Problem:
Only one span of the material below is wanted. Output it exactly, from the line with "Students of Tinian" through the line with "До подписания договора", without any pictures.

Exercise data:

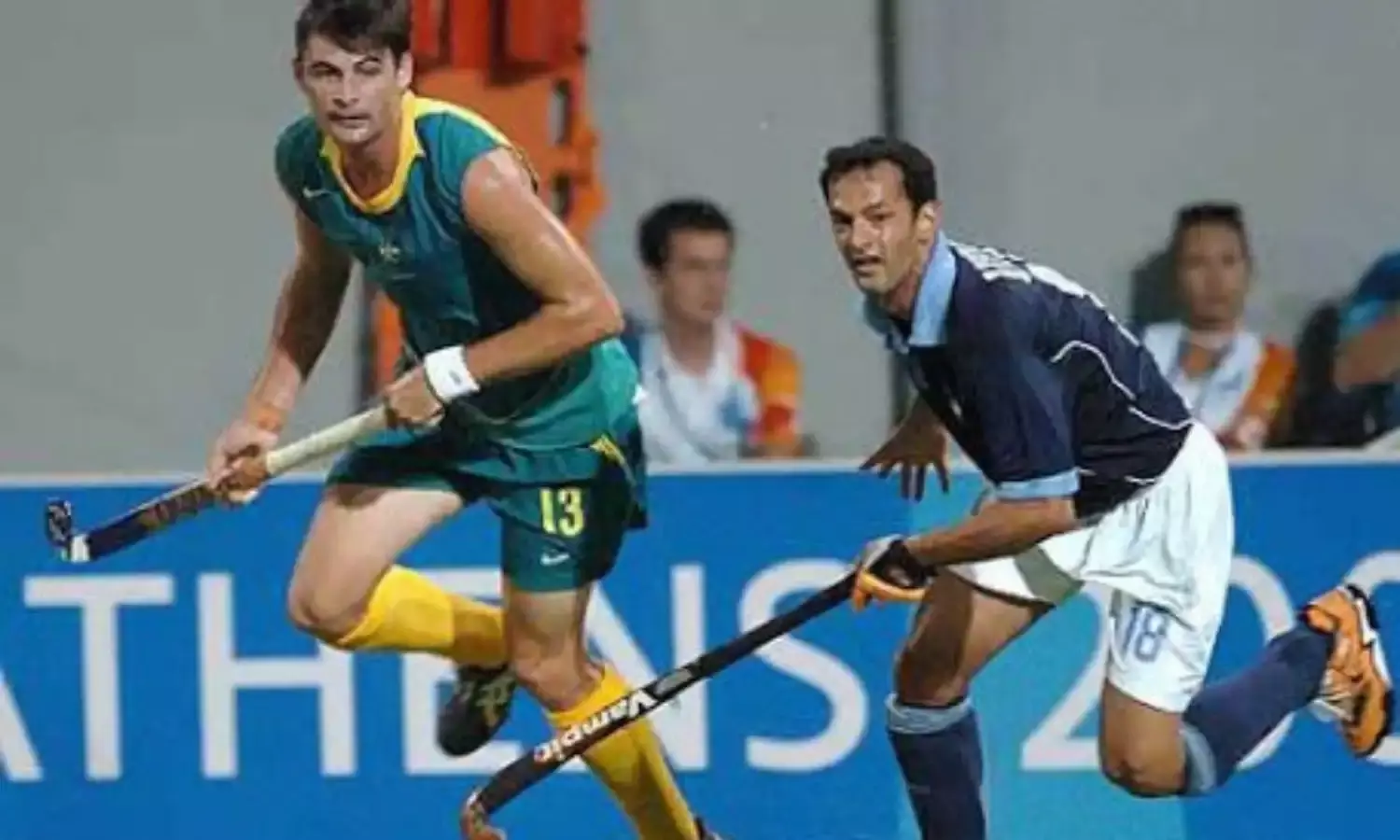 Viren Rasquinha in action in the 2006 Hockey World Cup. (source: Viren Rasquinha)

--

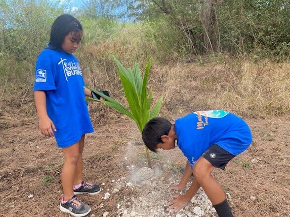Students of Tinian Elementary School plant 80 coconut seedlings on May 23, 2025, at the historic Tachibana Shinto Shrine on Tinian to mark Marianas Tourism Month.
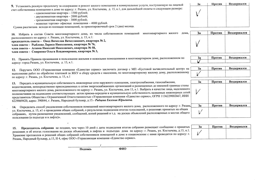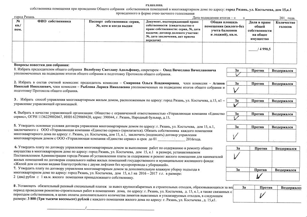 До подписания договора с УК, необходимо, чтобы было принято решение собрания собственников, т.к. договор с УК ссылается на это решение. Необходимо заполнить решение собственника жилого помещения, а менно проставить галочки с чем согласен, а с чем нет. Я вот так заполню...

==

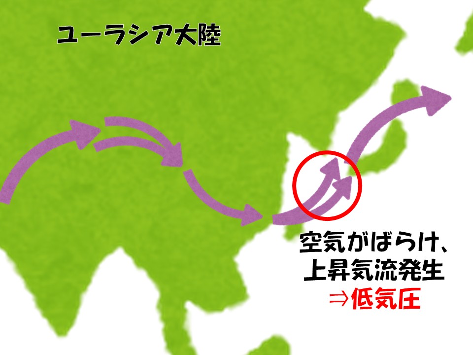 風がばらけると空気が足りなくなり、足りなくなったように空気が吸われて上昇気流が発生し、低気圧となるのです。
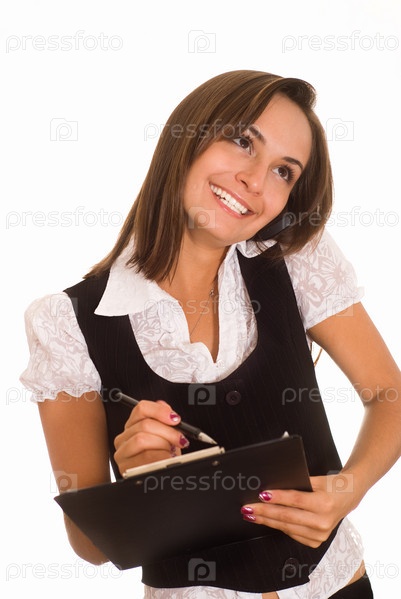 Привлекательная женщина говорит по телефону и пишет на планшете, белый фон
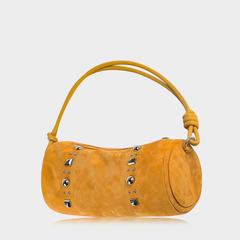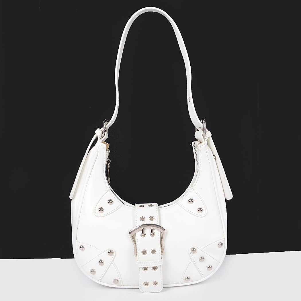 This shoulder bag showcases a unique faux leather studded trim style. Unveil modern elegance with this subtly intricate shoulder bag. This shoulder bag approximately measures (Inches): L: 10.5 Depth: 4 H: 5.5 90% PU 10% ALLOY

Reply to the task:
Students of Tinian Elementary School plant 80 coconut seedlings on May 23, 2025, at the historic Tachibana Shinto Shrine on Tinian to mark Marianas Tourism Month.
 До подписания договора с УК, необходимо, чтобы было принято решение собрания собственников, т.к. договор с УК ссылается на это решение. Необходимо заполнить решение собственника жилого помещения, а менно проставить галочки с чем согласен, а с чем нет. Я вот так заполню...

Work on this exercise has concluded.